What to produce:
Reproduce, exactly and only, the lines of the data that follows from the one containing "Per l’ingresso del" down to the one containing "[Text as submitted", without pictures.

Material provided:
━━━━━━
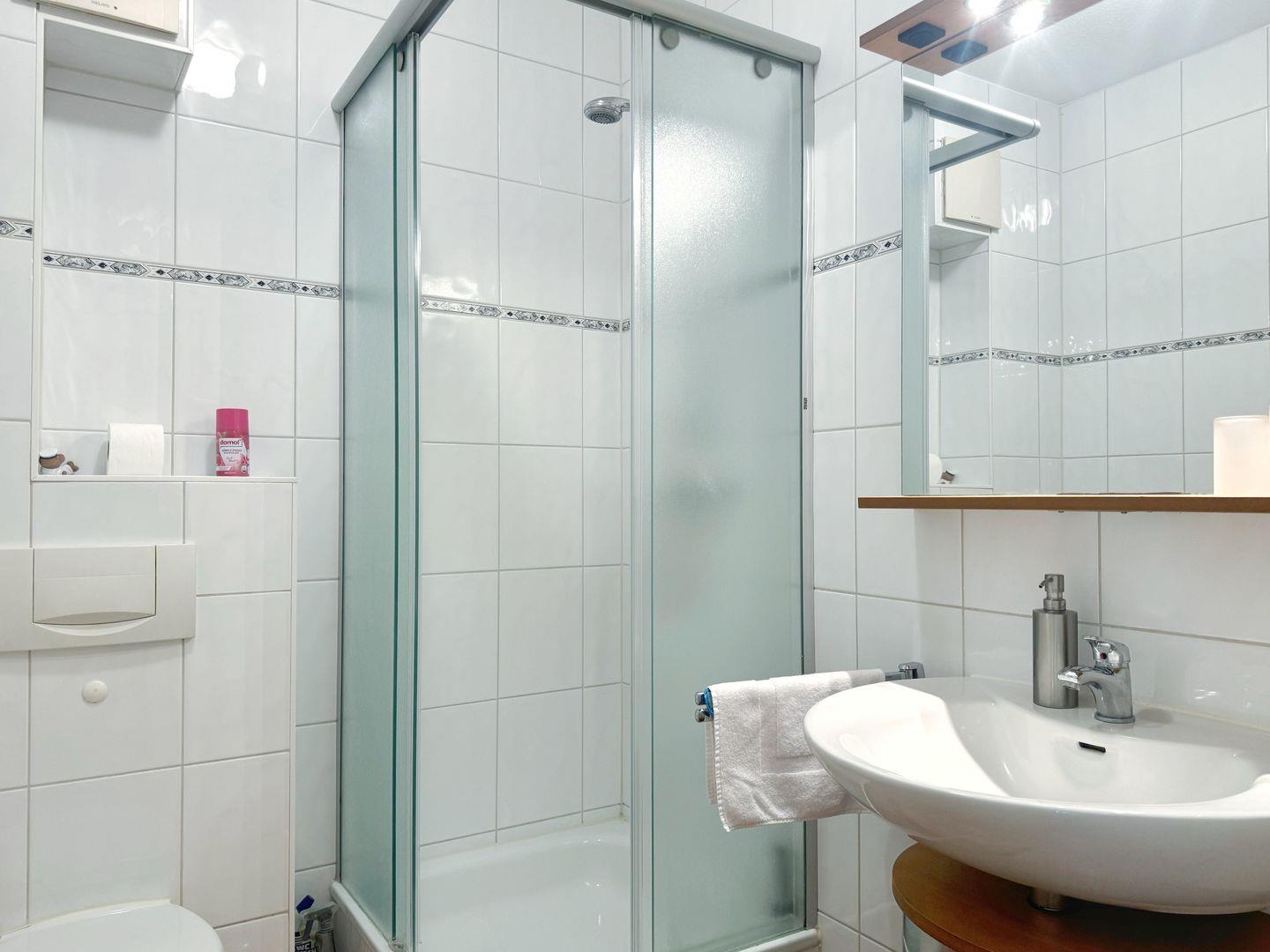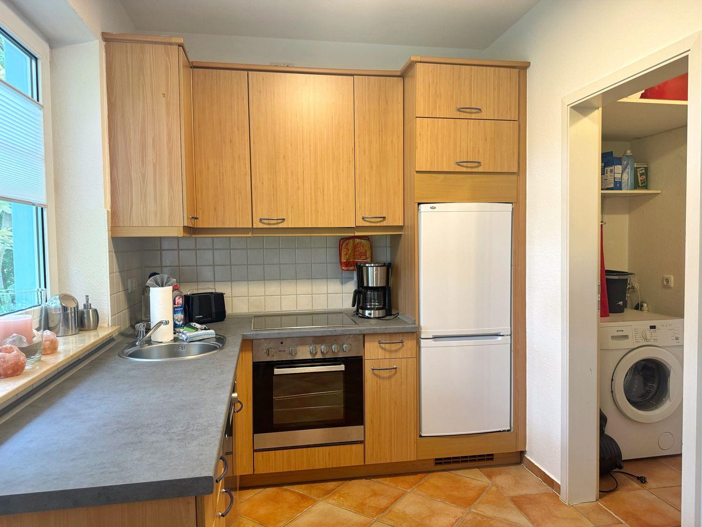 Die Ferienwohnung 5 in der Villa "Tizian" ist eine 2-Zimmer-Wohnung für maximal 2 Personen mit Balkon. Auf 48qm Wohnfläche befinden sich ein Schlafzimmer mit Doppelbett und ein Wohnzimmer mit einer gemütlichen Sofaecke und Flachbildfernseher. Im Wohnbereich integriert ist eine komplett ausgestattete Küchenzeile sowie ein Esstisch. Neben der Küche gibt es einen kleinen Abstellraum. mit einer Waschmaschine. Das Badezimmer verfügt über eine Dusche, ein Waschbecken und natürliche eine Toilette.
━━━━━━
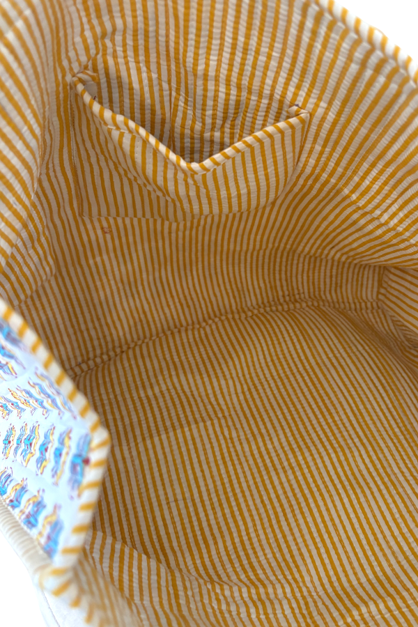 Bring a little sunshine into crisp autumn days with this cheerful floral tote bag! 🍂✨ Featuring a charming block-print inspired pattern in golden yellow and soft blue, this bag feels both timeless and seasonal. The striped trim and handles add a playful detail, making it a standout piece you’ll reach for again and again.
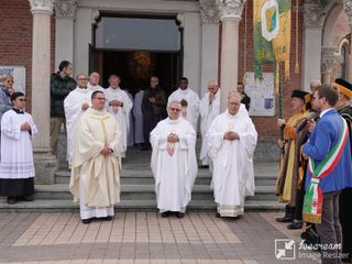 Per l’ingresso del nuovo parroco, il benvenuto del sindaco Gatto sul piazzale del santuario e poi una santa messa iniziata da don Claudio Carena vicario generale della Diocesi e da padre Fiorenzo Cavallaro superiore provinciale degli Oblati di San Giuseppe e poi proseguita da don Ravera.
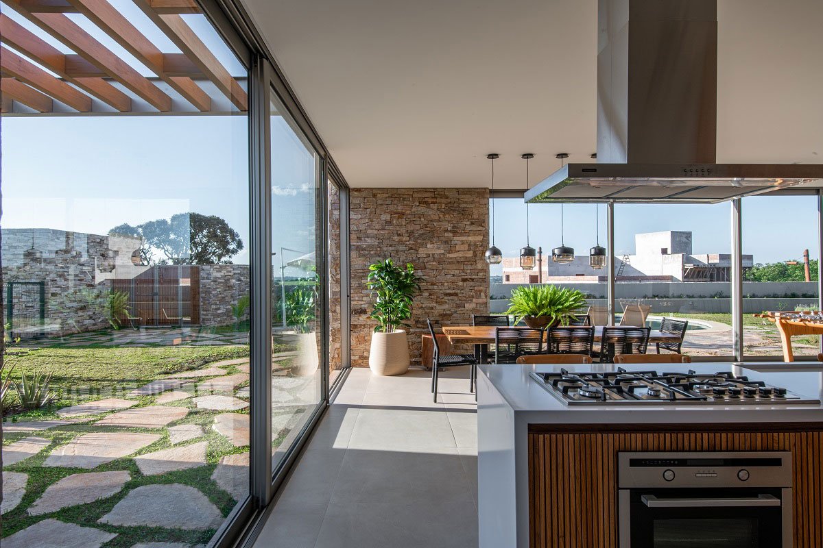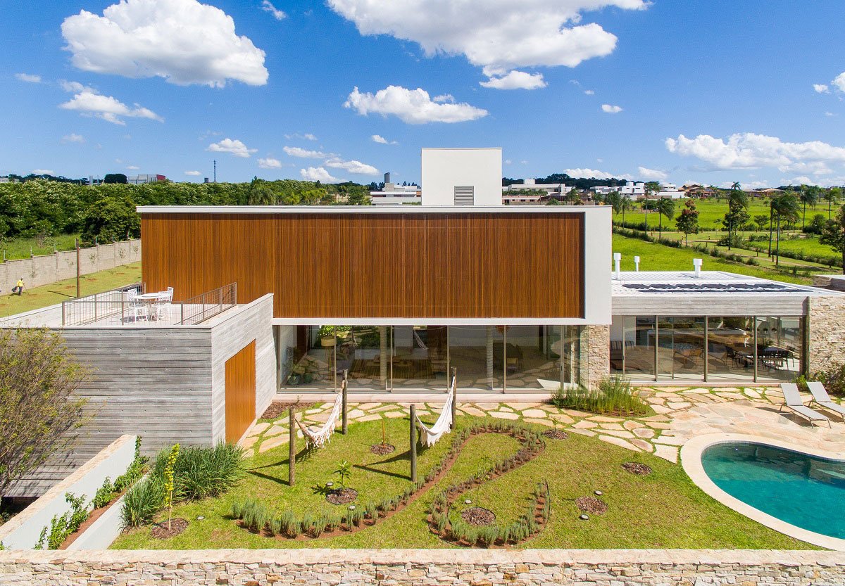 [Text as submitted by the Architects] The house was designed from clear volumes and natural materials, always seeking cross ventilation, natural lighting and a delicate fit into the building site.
━━━━━━
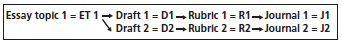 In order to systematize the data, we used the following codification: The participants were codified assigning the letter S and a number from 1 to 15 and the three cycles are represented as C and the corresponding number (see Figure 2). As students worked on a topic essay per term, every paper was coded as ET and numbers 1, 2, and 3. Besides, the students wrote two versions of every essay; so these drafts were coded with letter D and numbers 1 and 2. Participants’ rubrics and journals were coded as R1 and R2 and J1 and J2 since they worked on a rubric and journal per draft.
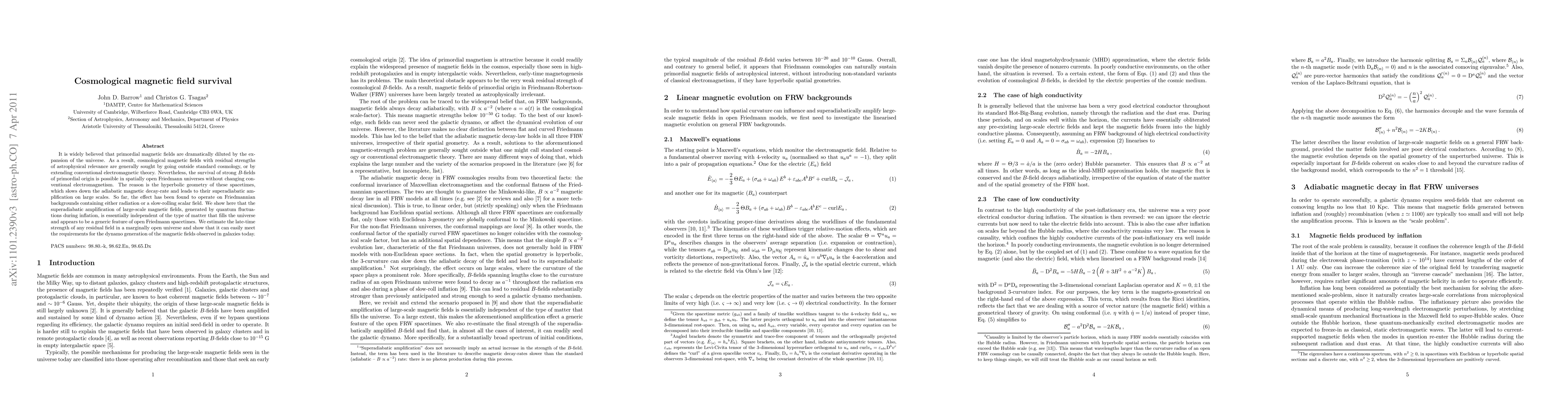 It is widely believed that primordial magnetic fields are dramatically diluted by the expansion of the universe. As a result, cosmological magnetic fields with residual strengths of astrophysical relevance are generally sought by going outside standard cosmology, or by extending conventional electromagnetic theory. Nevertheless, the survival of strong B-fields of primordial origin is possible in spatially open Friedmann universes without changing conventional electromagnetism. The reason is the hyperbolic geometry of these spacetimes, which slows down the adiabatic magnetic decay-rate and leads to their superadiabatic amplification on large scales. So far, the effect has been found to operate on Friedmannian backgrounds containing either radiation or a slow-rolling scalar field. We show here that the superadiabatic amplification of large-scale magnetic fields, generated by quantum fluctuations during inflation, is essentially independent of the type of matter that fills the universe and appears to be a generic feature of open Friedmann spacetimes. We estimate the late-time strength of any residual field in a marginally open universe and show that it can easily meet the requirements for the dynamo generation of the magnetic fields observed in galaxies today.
━━━━━━
Exercise response:
 Per l’ingresso del nuovo parroco, il benvenuto del sindaco Gatto sul piazzale del santuario e poi una santa messa iniziata da don Claudio Carena vicario generale della Diocesi e da padre Fiorenzo Cavallaro superiore provinciale degli Oblati di San Giuseppe e poi proseguita da don Ravera.
 [Text as submitted by the Architects] The house was designed from clear volumes and natural materials, always seeking cross ventilation, natural lighting and a delicate fit into the building site.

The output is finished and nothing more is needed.